Every time her salesman father came off the road to the family farm, she says, “I’d wait for him. I’d look forward to sitting with him at the table. But he’d say, every time, ‘Why aren’t you a boy? I needed a boy to help me on the farm!’ He never let me forget it. I hated it there. I’m just a loner. Always have been.”

Florence came to live with Smith and his own 91-year-old mother some years ago, after her last employer died. She was still working as a housekeeper in her 90s.

Advertisement

“Florence,” says Smith, “can be a grouchy, stubborn old Englishwoman, but she is as tough and healthy as you could wish. She walks every day. She makes my bed. She feeds the birds, she washes the dishes, she gets on her Exercycle and rides that thing every morning. And she reads a lot. The Bible, mostly. And she rides on my Harleys. She loves to ride,” he says.

“We rode down to the Dulzura cafe last year for her 100th birthday. She was on the back. It’s funny, because all her life she has been poor. She always had to walk or catch buses. Now, when she’s 100, she learns to ride Harley-Davidsons.”

Dust rises as a group arrives in a car. They’re all wearing caps saying “Potrero Senior Mountaineers.” It’s a seniors’ club in nearby Potrero. Florence hasn’t been getting down there much lately.

“You’re still welcome . . . ,” says one of the Mountaineers. Florence grunts.

“These are kids,” she mutters. Thirty years younger than she. Turns out she hasn’t been going to the Adventist church lately either. Didn’t like the idea of having a boy for a preacher. He was under 40 .

Over by the bikes, someone yells, “Get that piece of Oriental trash outta here!” He’s running toward a Vietnam vet who has just cruised up on a Honda. The tone is half-serious. “We don’t want that Japanese garbage here. This is Harley country!”

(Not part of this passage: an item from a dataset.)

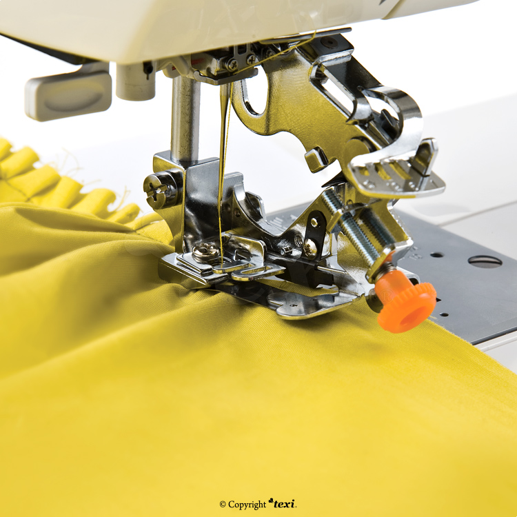 Specjalnie skonstruowana stopka do wykonywania zakładek i marszczenia z regulacją częstotliwości i głębokości (szerokości) zakładek. Idealna do modnego ozdabiania sukienek i bluzek oraz do eleganckiego wykańczania zasłon, narzut itp.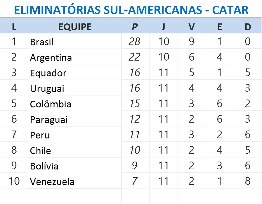 Na próxima rodada, a 12.ª, o Equador enfrenta fora de casa a Colômbia nesta quinta-feira, às 18 horas (de Brasília), no estádio Metropolitano Roberto Menéndez, em Barranquilla. No mesmo dia, às 21 horas, a Venezuela visita o Chile no estádio San Carlos de Apoquindo, em Santiago.

Florence flicks her head around, seems to flinch, then turns back toward the party.

“She’s . . . sensitive about that,” explains longtime friend Margaret Barbola. Florence, she says, was married to an Asian once.

Advertisement

It turns out Florence Leach came to these borderlands to leave behind the racial prejudice she had faced “back in the world,” many years ago.

It was after her first husband died in 1938 that Florence fell in love with Chi Won Lee. He was a Korean chef. She was a waitress. It was 1942, when an Anglo marrying an Asian was unthinkable. But not for Florence. Here at last was a man who did not try to change her, to dominate her.

Things were fine while the two worked together in a restaurant in Oakland. But when they tried to live elsewhere, they found that no one would rent to them.

“Florence used to go ahead and find places on her own,” says Barbola. “As soon as her husband arrived, they’d be ejected.”

Barbola says the couple crossed the border to Tecate, Mexico, to get away from it all. They opened a restaurant called El Californiano, and Florence and Lee worked together until he died in 1960.

“You talk about civil rights?” says Barbola. “Florence was way ahead of her time . . . she had an open mind when it definitely wasn’t fashionable. And she had guts. Always has. Forget her biker fame.”

Advertisement

The crowd stirs. Something’s happening. “Make way!” somebody yells. There’s a roar of a throaty engine. Bill Smith comes wheeling his Harley through the crowd. “Florence! Let’s ride!”

Florence appears, squares her cap, and starts to climb aboard. She needs help to lift her leg over the saddle. Who can blame her? After all, she is 101. Once on, she clings to Bill and grins.

It seems like one of those ancient seasonal rites. Once more, here’s Florence, riding with Bill. It somehow makes things right for the next year.

To the cheers, the two roar down the dirt road in a cloud of dust that the setting sun has turned into luminous pink.

“I’ll be back,” Florence shouts in her little voice. “Watch me when we come back up this hill!”